Indigenous people’s demands include securing official status for their languages and enshrining rights to bilingual intercultural education, water resources and ancestral lands.
They also are calling for anti-discrimination protections and consolidation of the right to indigenous consultations.
“Indigenous people’s relationship with nature is totally different from the capitalist extractivism that we have in Chile,” Hortensia Hidalgo, a member of the Aymara indigenous community and expert on human rights and international cooperation, told Efe.
Millaleo said for his part that indigenous people will not likely achieve all of their objectives, “but it’s going to be much more than what we have now.”
“There are those who talk about constitutional minimalism. I don’t think a constitution has to be very detailed. That’s what laws are for.
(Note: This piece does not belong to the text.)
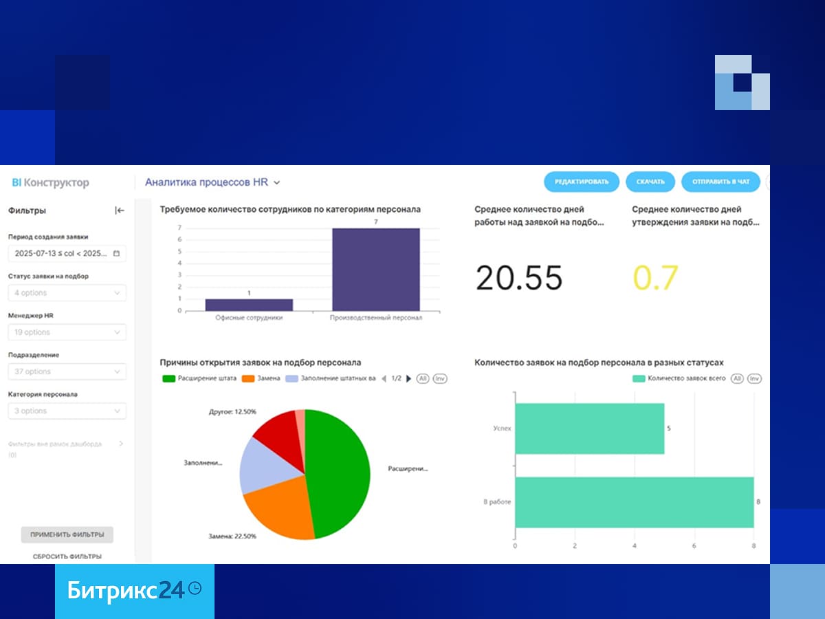 Эффективность работы HR-отдела напрямую влияет на скорость роста компании и качество человеческого капитала. В условиях высокой конкуренции за таланты и растущих требований к скорости найма, департамент персонала должен работать как хорошо отлаженный механизм с измеримыми результатами и прогнозируемыми процессами. Именно поэтому перед внедрением BI-системы Битрикс24 была проведена детальная работа по формулированию конкретных, измеримых целей.

But it does have to be sufficiently elaborated so it’s inclusive,” he added.
Bolivia and Ecuador are the prime regional examples in terms of indigenous self-determination, although Colombia, Mexico and Panama also have made major strides in recent years. Outside Latin America, Canada and New Zealand, which has just appointed its first Maori foreign minister, stand out in that regard.
“Within the precarious Chilean (situation), we’re a step ahead because we’re considered a special territory, although in 20 years no government” has moved to grant an autonomy statute, the mayor of the remote Easter Island, Rapa Nui leader Pedro Edmunds, told Efe.
Lack of recognition for indigenous peoples’ rights and their scant participation in the design of social policies are evident in poverty levels that are twice that of the rest of the population and in the constant threats to their rich culture.
Whereas 49 percent of Easter Island’s population spoke the Rapa Nui language in 1979, that figure today stands at just 4 percent. “That 4 percent speaks a dialect that we call ‘rapañol,’ half badly spoken Spanish and half Rapa Nui,” the mayor of that Pacific island lamented.